→ Your task: Below are some records. Write out exactly their lines from the one with "Сегодня забирали наши" through the one with "因为暴雨导致河道涨水,大量枯", and leave the pictures behind.

── Records ──

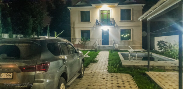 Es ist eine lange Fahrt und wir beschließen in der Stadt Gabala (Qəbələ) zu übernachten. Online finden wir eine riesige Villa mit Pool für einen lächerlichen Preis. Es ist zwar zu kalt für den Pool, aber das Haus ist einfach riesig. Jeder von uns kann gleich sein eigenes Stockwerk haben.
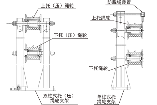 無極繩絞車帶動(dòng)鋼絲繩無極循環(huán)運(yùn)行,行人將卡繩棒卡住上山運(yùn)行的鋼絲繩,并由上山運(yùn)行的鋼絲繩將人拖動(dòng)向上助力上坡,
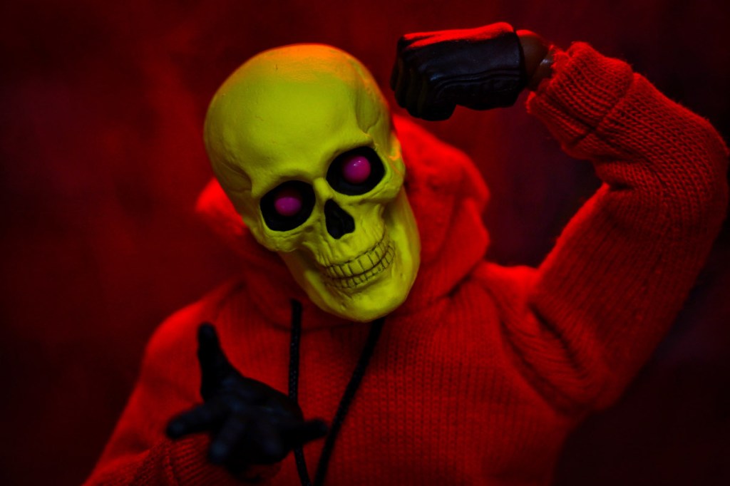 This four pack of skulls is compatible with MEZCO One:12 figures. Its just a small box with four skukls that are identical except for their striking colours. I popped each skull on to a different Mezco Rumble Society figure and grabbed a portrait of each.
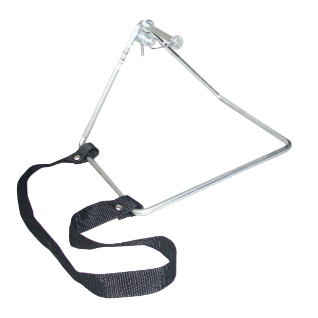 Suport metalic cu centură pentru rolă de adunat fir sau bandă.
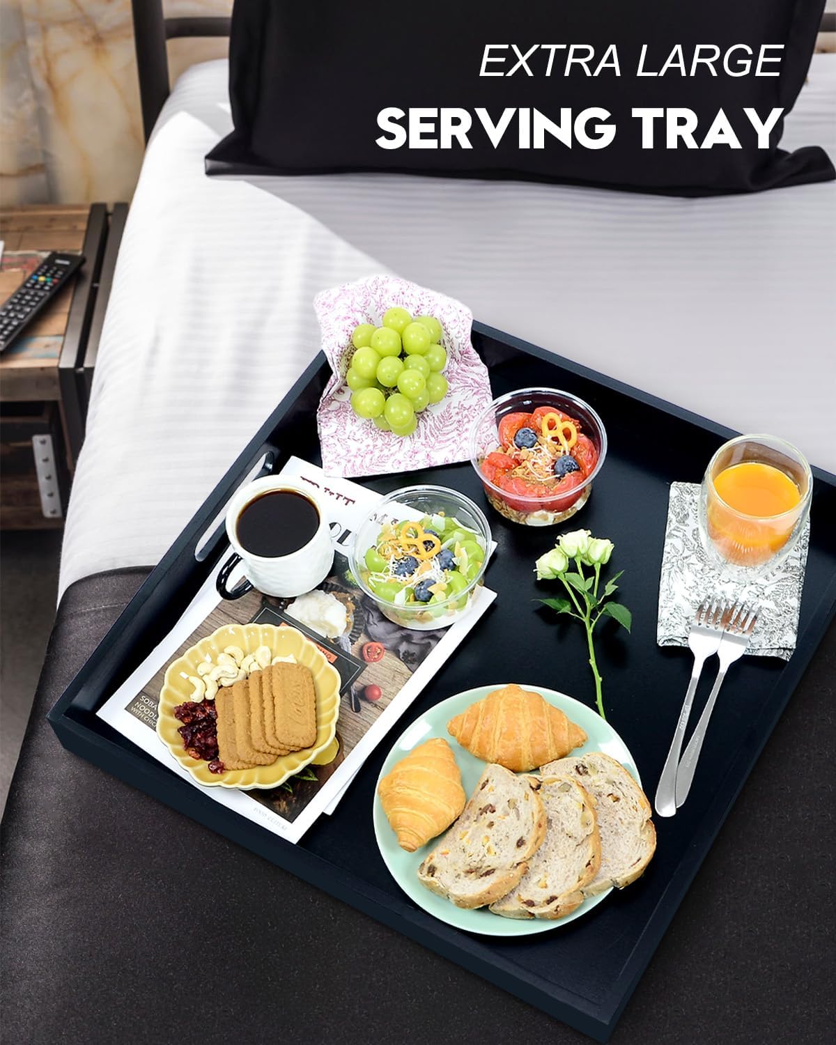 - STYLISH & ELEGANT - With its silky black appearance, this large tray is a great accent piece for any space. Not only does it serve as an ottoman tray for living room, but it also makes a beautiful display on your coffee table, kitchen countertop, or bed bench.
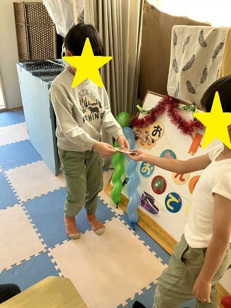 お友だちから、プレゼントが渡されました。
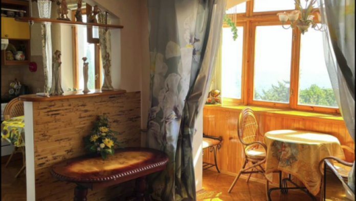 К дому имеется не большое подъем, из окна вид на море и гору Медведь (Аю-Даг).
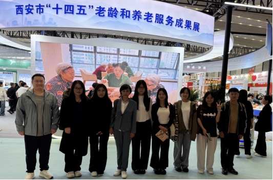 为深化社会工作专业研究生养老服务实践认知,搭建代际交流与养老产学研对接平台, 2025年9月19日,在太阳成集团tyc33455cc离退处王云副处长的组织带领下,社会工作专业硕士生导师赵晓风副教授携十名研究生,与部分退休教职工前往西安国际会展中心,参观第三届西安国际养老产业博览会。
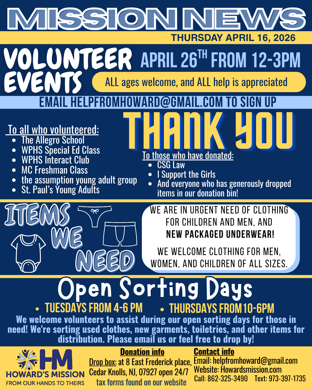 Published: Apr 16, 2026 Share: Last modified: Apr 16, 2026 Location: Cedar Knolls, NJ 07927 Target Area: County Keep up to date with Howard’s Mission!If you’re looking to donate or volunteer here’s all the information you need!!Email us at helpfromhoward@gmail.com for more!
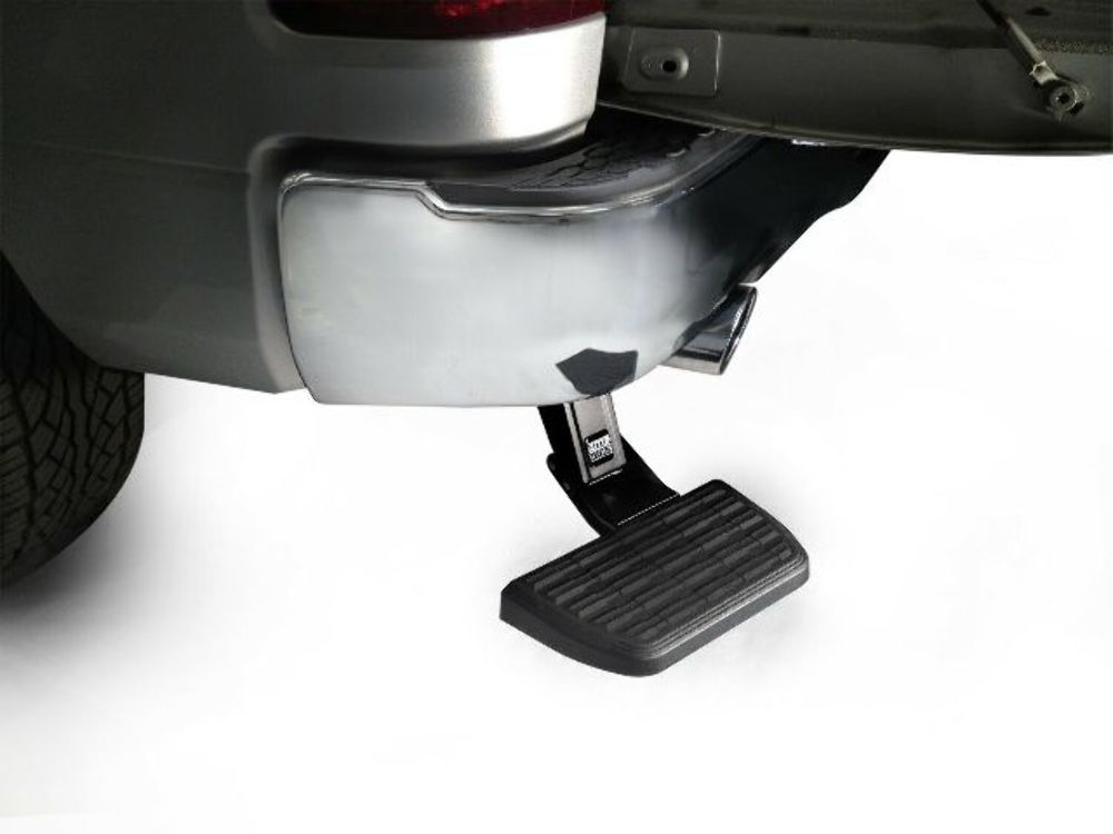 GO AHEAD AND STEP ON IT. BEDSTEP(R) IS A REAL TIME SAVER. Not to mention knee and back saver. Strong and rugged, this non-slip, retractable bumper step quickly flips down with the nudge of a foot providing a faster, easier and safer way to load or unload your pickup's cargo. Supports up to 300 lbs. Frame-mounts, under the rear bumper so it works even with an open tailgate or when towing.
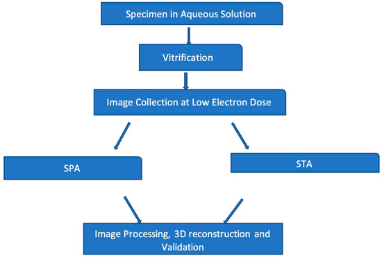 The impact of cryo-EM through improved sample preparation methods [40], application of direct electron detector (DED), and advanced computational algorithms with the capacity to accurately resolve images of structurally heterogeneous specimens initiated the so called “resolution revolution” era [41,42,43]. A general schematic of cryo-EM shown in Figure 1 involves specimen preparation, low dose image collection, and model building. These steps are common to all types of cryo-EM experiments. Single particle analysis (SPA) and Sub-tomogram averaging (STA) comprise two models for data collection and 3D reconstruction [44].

───
── Records ──

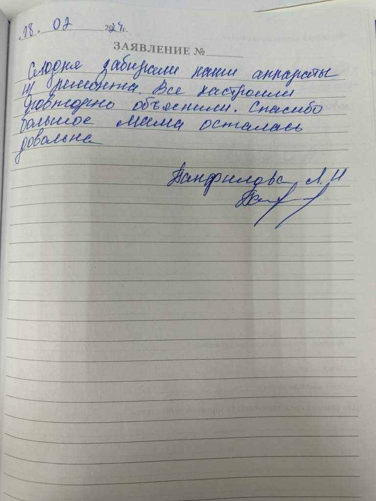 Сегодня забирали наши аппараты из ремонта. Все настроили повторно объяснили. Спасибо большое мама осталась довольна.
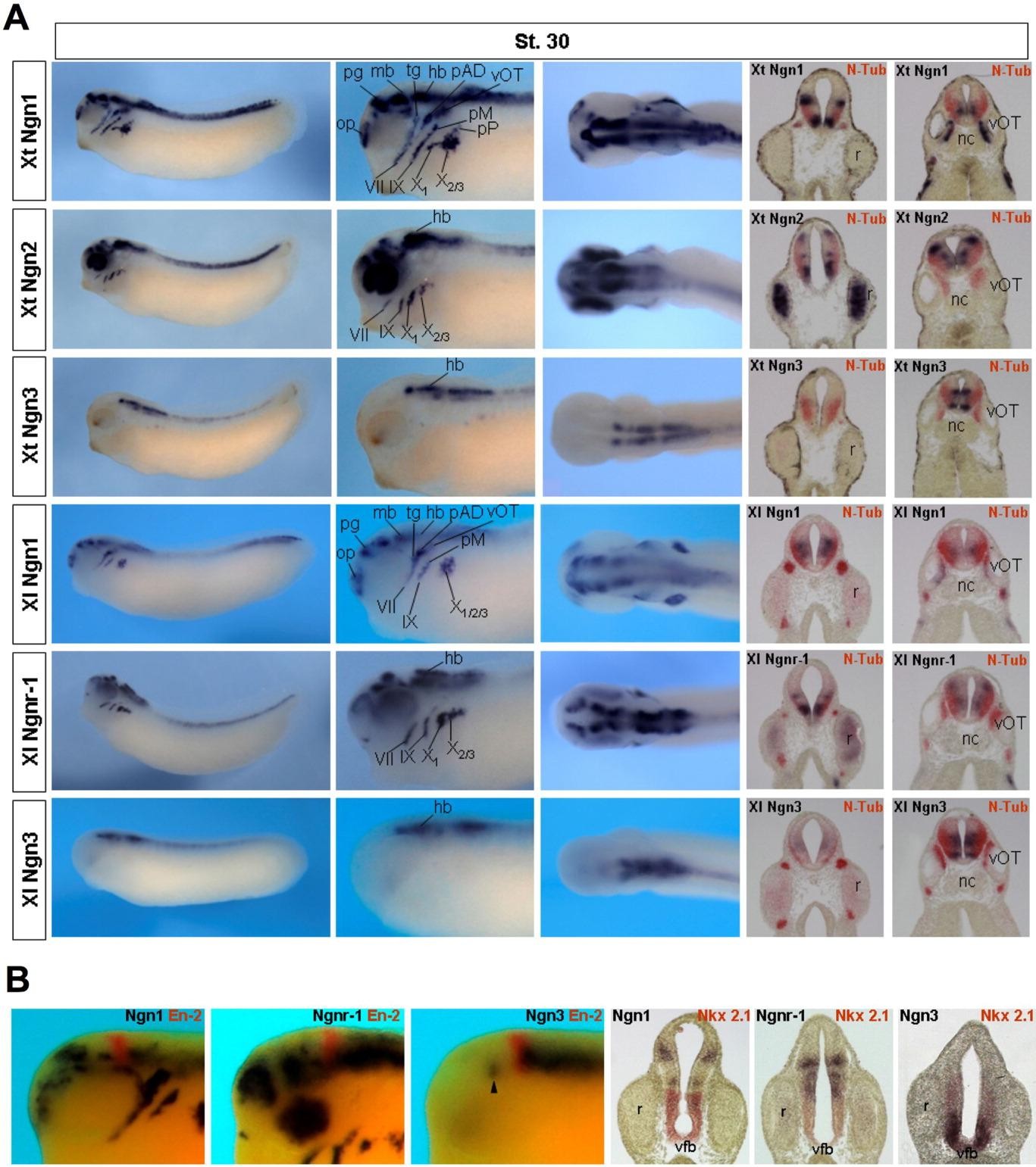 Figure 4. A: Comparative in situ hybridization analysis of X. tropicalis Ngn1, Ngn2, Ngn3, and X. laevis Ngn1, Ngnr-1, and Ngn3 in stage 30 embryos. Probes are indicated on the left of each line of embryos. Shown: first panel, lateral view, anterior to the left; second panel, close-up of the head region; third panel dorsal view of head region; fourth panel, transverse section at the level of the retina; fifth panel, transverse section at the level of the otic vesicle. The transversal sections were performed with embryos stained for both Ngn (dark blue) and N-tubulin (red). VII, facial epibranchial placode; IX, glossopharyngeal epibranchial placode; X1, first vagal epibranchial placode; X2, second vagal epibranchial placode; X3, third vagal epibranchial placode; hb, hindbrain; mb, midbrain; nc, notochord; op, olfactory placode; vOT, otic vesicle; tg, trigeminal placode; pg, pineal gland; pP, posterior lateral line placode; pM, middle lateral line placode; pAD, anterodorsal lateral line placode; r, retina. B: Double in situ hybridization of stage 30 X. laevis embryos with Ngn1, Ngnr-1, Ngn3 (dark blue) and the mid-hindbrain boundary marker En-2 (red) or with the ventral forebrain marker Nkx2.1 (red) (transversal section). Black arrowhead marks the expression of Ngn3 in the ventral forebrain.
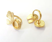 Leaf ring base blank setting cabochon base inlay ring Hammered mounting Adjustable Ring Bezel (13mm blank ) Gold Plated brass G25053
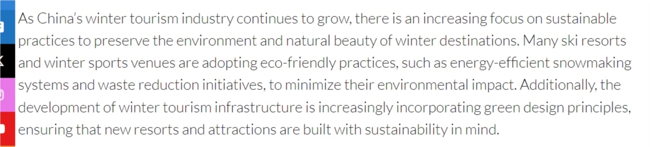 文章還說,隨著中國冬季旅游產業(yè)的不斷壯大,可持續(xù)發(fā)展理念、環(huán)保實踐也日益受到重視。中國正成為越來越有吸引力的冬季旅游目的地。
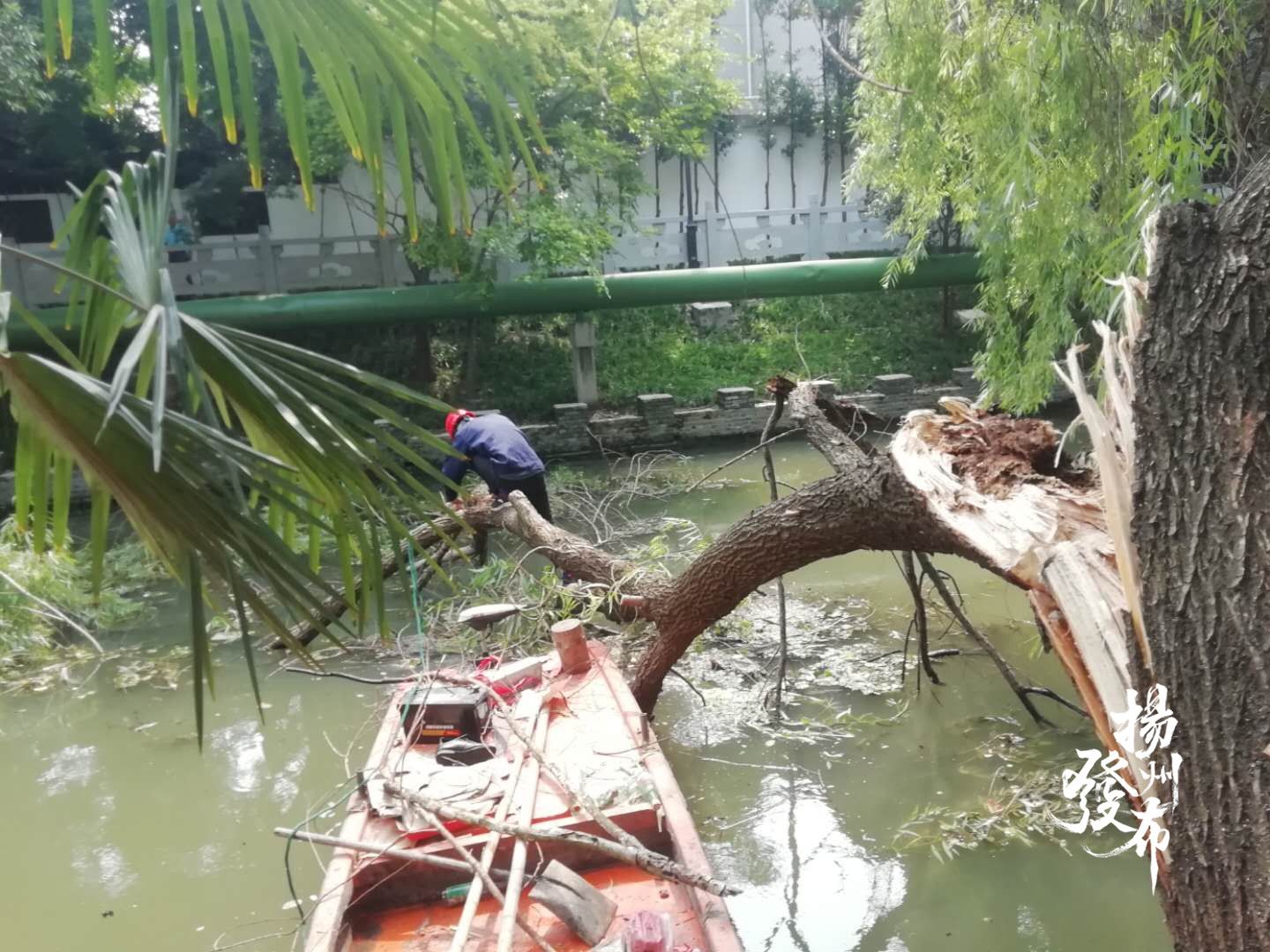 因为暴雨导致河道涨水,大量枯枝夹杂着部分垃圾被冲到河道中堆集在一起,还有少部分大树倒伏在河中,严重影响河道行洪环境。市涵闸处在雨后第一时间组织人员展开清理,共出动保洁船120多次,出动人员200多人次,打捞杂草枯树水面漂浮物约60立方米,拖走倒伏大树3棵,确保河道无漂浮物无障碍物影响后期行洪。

───

→ Answer for the task:
 Сегодня забирали наши аппараты из ремонта. Все настроили повторно объяснили. Спасибо большое мама осталась довольна.
 Figure 4. A: Comparative in situ hybridization analysis of X. tropicalis Ngn1, Ngn2, Ngn3, and X. laevis Ngn1, Ngnr-1, and Ngn3 in stage 30 embryos. Probes are indicated on the left of each line of embryos. Shown: first panel, lateral view, anterior to the left; second panel, close-up of the head region; third panel dorsal view of head region; fourth panel, transverse section at the level of the retina; fifth panel, transverse section at the level of the otic vesicle. The transversal sections were performed with embryos stained for both Ngn (dark blue) and N-tubulin (red). VII, facial epibranchial placode; IX, glossopharyngeal epibranchial placode; X1, first vagal epibranchial placode; X2, second vagal epibranchial placode; X3, third vagal epibranchial placode; hb, hindbrain; mb, midbrain; nc, notochord; op, olfactory placode; vOT, otic vesicle; tg, trigeminal placode; pg, pineal gland; pP, posterior lateral line placode; pM, middle lateral line placode; pAD, anterodorsal lateral line placode; r, retina. B: Double in situ hybridization of stage 30 X. laevis embryos with Ngn1, Ngnr-1, Ngn3 (dark blue) and the mid-hindbrain boundary marker En-2 (red) or with the ventral forebrain marker Nkx2.1 (red) (transversal section). Black arrowhead marks the expression of Ngn3 in the ventral forebrain.
 Leaf ring base blank setting cabochon base inlay ring Hammered mounting Adjustable Ring Bezel (13mm blank ) Gold Plated brass G25053
 文章還說,隨著中國冬季旅游產業(yè)的不斷壯大,可持續(xù)發(fā)展理念、環(huán)保實踐也日益受到重視。中國正成為越來越有吸引力的冬季旅游目的地。
 因为暴雨导致河道涨水,大量枯枝夹杂着部分垃圾被冲到河道中堆集在一起,还有少部分大树倒伏在河中,严重影响河道行洪环境。市涵闸处在雨后第一时间组织人员展开清理,共出动保洁船120多次,出动人员200多人次,打捞杂草枯树水面漂浮物约60立方米,拖走倒伏大树3棵,确保河道无漂浮物无障碍物影响后期行洪。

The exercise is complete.